As opposed to a physical wallet, you can install malicious applications on your phone. Yes, Apple’s store system prevents such applications from appearing, but you can be sure that hackers will be sufficiently motivated to game it the moment they realize there is a large financial gain involved in doing so (especially in a user base that is complacent about security in general).

All of the above arguments are just the preamble to a much larger point: Despite the decline of Apple’s iOS’ popularity, it still maintains a hold of over a third of the entire smartphone market. Making something that could infect phones within a pool of a third of all of those in existence presents a powerful motivation for hackers. At the very least, it would be much more likely for someone to want to infect iOS devices than those running Windows Phone (which has control of just above two percent of the smartphone market).

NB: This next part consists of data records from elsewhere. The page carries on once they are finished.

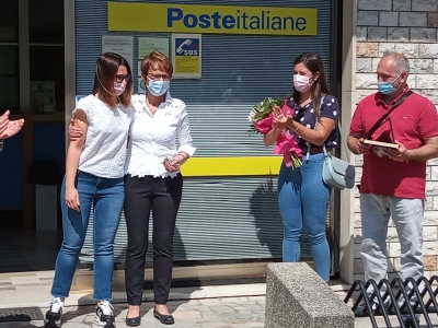 A prendere il posto della signora Marangoni è stata chiamata la giovane impiegata Melissa Bevilacqua, di Lendinara. 31 anni, da due in Poste Italiane, laureata in Giurisprudenza con il titolo di avvocato, la nuova direttrice è anche mamma di un bambino di tre anni. Hanno partecipato all’iniziativa il Direttore degli uffici postali della provincia di Rovigo Erasmo Scatigna, la Giunta del Comune di Gaiba, e alcuni cittadini nel rispetto delle disposizioni anti COVID.
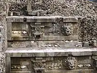 Hacia la mitad del lado este se construyó el templo conocido durante años como templo de Quetzalcoatl donde adoraban alguna deidad relacionada con el agua y la lluvia. La historiografía moderna trata de evitar esta denominación por considerarla inexacta. El edificio fue descubierto en el año 1920. Estaba soterrado por una pirámide de paredes lisas, sin ningún tipo de ornamentación.[13]
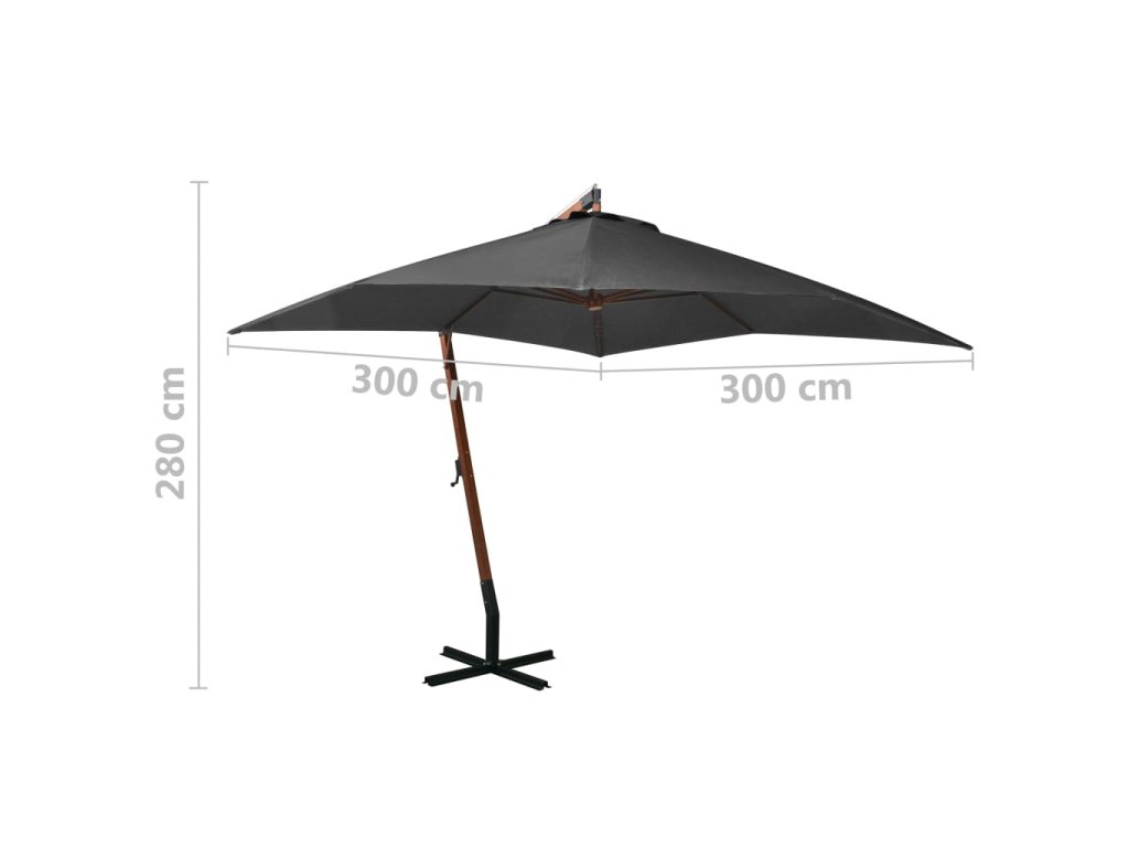 Závěsný zahradní slunečník s tyčí antracit 3x3 m masivní jedle 313774

In the end, there is no short supply of enterprising hackers that will take the challenge if it means that the reward is the ability to siphon money from the phones of people who install their software. This notion sounds exciting to hackers that are motivated, and there’s no question that they will make an uncompromising effort to turn this into a reality.

To prevent this from happening to you, you’re going to have to start making the same amount of effort that users on other operating systems must do to keep themselves safe, and look closely at what permissions applications request before you install them. Do not install anything from an unknown or untrustworthy developer that wants access to things that the application doesn’t necessarily need.